Recorded data:

━━━

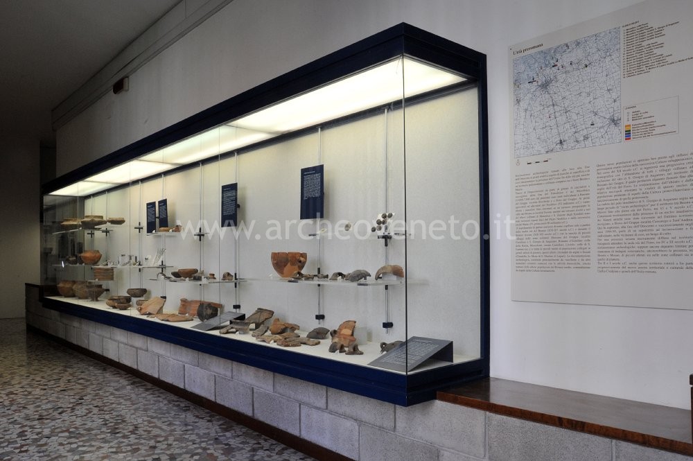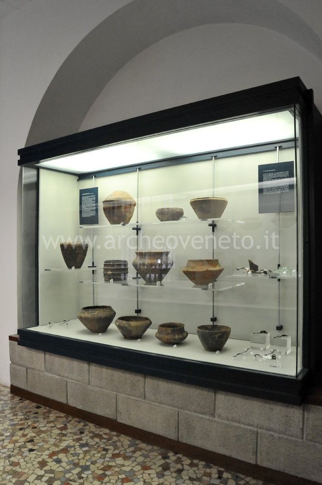 Nella prima parte della grande vetrina sulla destra sono raccolte le testimonianze provenienti da due piccoli centri del Bronzo medio, sorti nelle zone collinari e collegati ai più grandi villaggi della pianura: l’abitato di Liedolo-colle San Lorenzo e quello di San Giorgio di Angarano. Dal primo proviene un’abbondante quantità di vasellame domestico ad impasto grossolano (olle, anse verticali a nastro o a bastoncello, scodelloni, frammenti di dolii e di vasi biconici), alcune anse con terminazioni lunate o a corna tronche, fusaiole, rondelle fittili e una punta di freccia in selce. Dal nucleo dell’abitato più antico di San Giorgio di Angarano (Bronzo recente), caratterizzato da aspetti della Cultura subappenninica, giungono a noi soprattutto contenitori ceramici di uso domestico, quali olle, dolii e grandi ciste cordonate con grosse prese. Durante il Bronzo finale l’abitato si spostò in un’area terrazzata collinare posta più a sud, dove sono stati rinvenuti manufatti in terracotta connessi sia alla cottura sia al consumo dei cibi, nonché una fibula bronzea decorata.
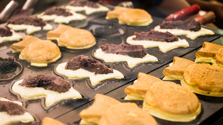As for its texture, taiyaki's bread feels crisp on the outside and chewy on the inside. The batter is often compared to that of a waffle. For fillings, the most classic option is red bean paste, which is mildly sweet. Shops have expanded to include other flavors like chocolate, matcha, black sesame, and more. Taiyaki has also evolved quite a bit over time, with some shops using the fish molds to make taiyaki that holds ice cream.
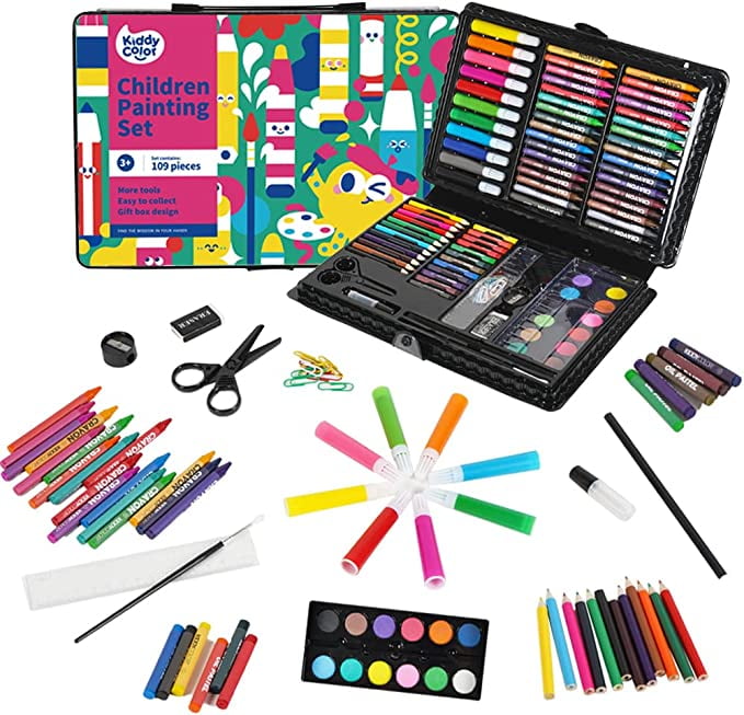 KIDDYCOLOR 109 Piece Deluxe Art Creativity Set Arts and Crafts Kit for ...

━━━

What the exercise asks: This task asks for the data above repeated exactly, without a single picture.

Expected answer:
 Nella prima parte della grande vetrina sulla destra sono raccolte le testimonianze provenienti da due piccoli centri del Bronzo medio, sorti nelle zone collinari e collegati ai più grandi villaggi della pianura: l’abitato di Liedolo-colle San Lorenzo e quello di San Giorgio di Angarano. Dal primo proviene un’abbondante quantità di vasellame domestico ad impasto grossolano (olle, anse verticali a nastro o a bastoncello, scodelloni, frammenti di dolii e di vasi biconici), alcune anse con terminazioni lunate o a corna tronche, fusaiole, rondelle fittili e una punta di freccia in selce. Dal nucleo dell’abitato più antico di San Giorgio di Angarano (Bronzo recente), caratterizzato da aspetti della Cultura subappenninica, giungono a noi soprattutto contenitori ceramici di uso domestico, quali olle, dolii e grandi ciste cordonate con grosse prese. Durante il Bronzo finale l’abitato si spostò in un’area terrazzata collinare posta più a sud, dove sono stati rinvenuti manufatti in terracotta connessi sia alla cottura sia al consumo dei cibi, nonché una fibula bronzea decorata.
As for its texture, taiyaki's bread feels crisp on the outside and chewy on the inside. The batter is often compared to that of a waffle. For fillings, the most classic option is red bean paste, which is mildly sweet. Shops have expanded to include other flavors like chocolate, matcha, black sesame, and more. Taiyaki has also evolved quite a bit over time, with some shops using the fish molds to make taiyaki that holds ice cream.
 KIDDYCOLOR 109 Piece Deluxe Art Creativity Set Arts and Crafts Kit for ...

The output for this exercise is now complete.